Monday, May 3, 2010

The Church - "An Intimate Space"


Bay Shore's Boulton Center for the Performing Arts welcomed legendary Australian rock band, The Church, on April 23. Celebrating three decades of music, and twenty-four albums, the band masterfully evoked the memories of their long-term devoted fans. Vacillating between showcasing their well-known and unbridled virtuosity, and revealing their talents as bona fide raconteurs, lead vocalist Steve Kilbey prefaced each song with its own history - stories punctuated with moments of shrewdly deployed candor, enrobed in witty sarcasm - complete with equally amusing interjections from all members of the band. In doing so, each song became a virtual bookmark in their sonic memoir, and each story quickly engaged listeners, making the obligatory space between the stage and the audience virtually disappear.

"An Intimate Space" provided a return to the uncomplicated and grass-roots methodology of performance - looking not toward the allure of fancy and superfluous stage equipment , or the lucre associated with a twenty-two city tour and all of its inherent merchandising opportunities, but rather the chance to provide the clearly devout fans of The Church with a comfortable place in which to congregate and, more importantly, reminisce.

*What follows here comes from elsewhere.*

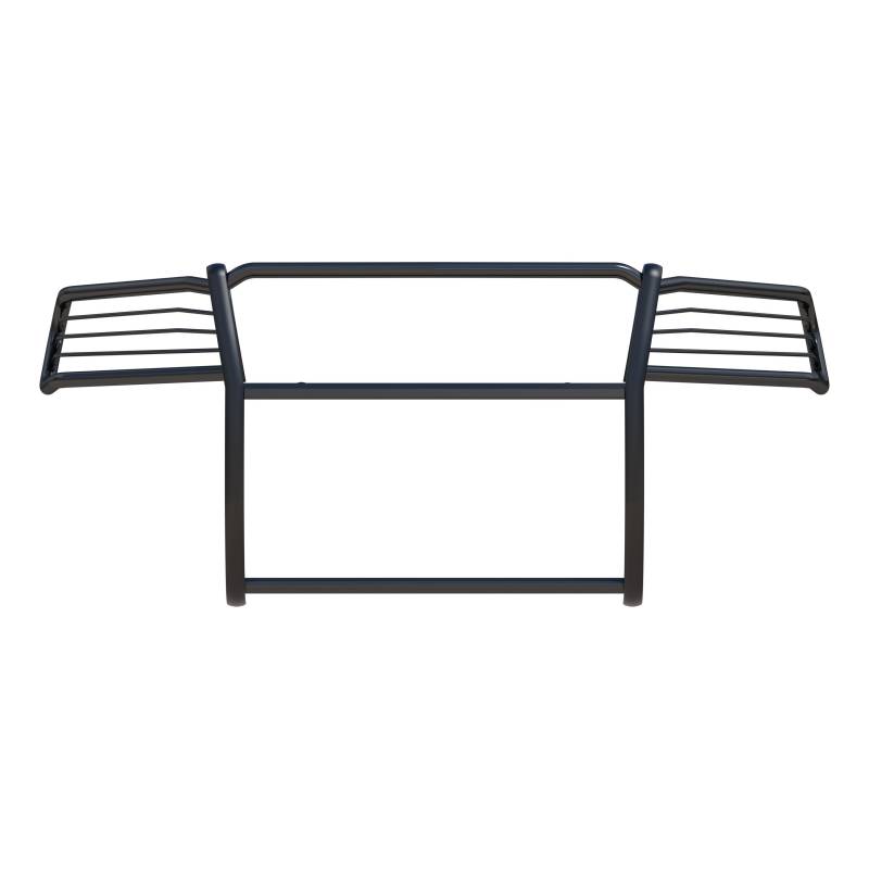 Black Steel Grille Guard, Select Toyota Tundra For the conqueror in every truck, Jeep or SUV owner, the ARIES grille guard offers the tough, trail-ready look you demand. It begins with a one-piece frame of 1/4" thick welded plates and 1-1/2" mandrel-bent tubing for a solid build. Each one is made with a vehicle-specific design for a better fit, easier install and more secure mounting. The side brush guards are custom-bent to contour to the profile of your vehicle, while the mounting brackets are positioned for a no-drill application. This means pre-existing factory holes are used to ensure optimum fitment and less vibration. This particular custom grille guard fits specific years of the Toyota Tundra (see application info to verify). The ARIES grille guard also makes it easy to customize the look of your vehicle. Not only does the crossbar have two pre-drilled holes for mounting aftermarket LED lights, but many of our grille guards are also available in two finish options -- polished stainless steel or semi-gloss black steel. The stainless steel grille guard is made with 304 stainless, being high in nickel content and truly resistant to rust and corrosion. This option comes with a mirror-like polished finish for a definitive shine. The semi-gloss black grille guard is made with high-strength carbon steel for added strength. It features a tough, dual-layer E-coat and black powder coat finish to protect against rust, scratches and the elements. All ARIES grille guards also come with rubber stripping along the risers to protect the frame against scuffs and scratches. One-piece, 1-1/2" diameter, heavy-wall tube design High-strength carbon steel construction Dual-layer E-coat and black powder coat finish for maximum corrosion resistance Two pre-drilled holes in the crossbar for mounting LED light bars or work lights Removable headlight cages for extra protection and a customizable look

Throughout the show, Marty Willson-Piper both teased and wooed the adoring crowd with short bursts of soulful, solo guitar riffs, leaving them wide-eyed and hungry for more. Deciding against eschewing perhaps their most eminent effort to a crowd whose knowledge of their material spanned far beyond just the most recognizable, the band contentedly performed "Under the Milky Way," even incorporating the tried and true harmonica solo from Peter Koppes. The audience sang along with numinous zeal, as gossamer, white stars emblazoned themselves onto the curtain backdrop - precisely where Tim Powles worked his rhythmic magic on the drums.

In a startling move, the first of two encores had The Church covering the quintessential hit "Disarm" from The Smashing Pumpkins, who, in 2008, famously performed a cover of "Reptile" during a concert in Sydney.

As the concert drew to a close, Kilbey quietly confessed, "We haven't had a song on commercial radio in twenty years." For a moment, the room was silenced by a piece of information too daunting for an über-fan to contemplate. Willson-Piper finished adjusting his microphone, tilted it toward his mouth, and slyly responded: "Must mean we're doing something right!" With this, the audience exploded into applause, still safe in the knowledge that, without even trying, The Church had somehow laid the groundwork for the next thirty years.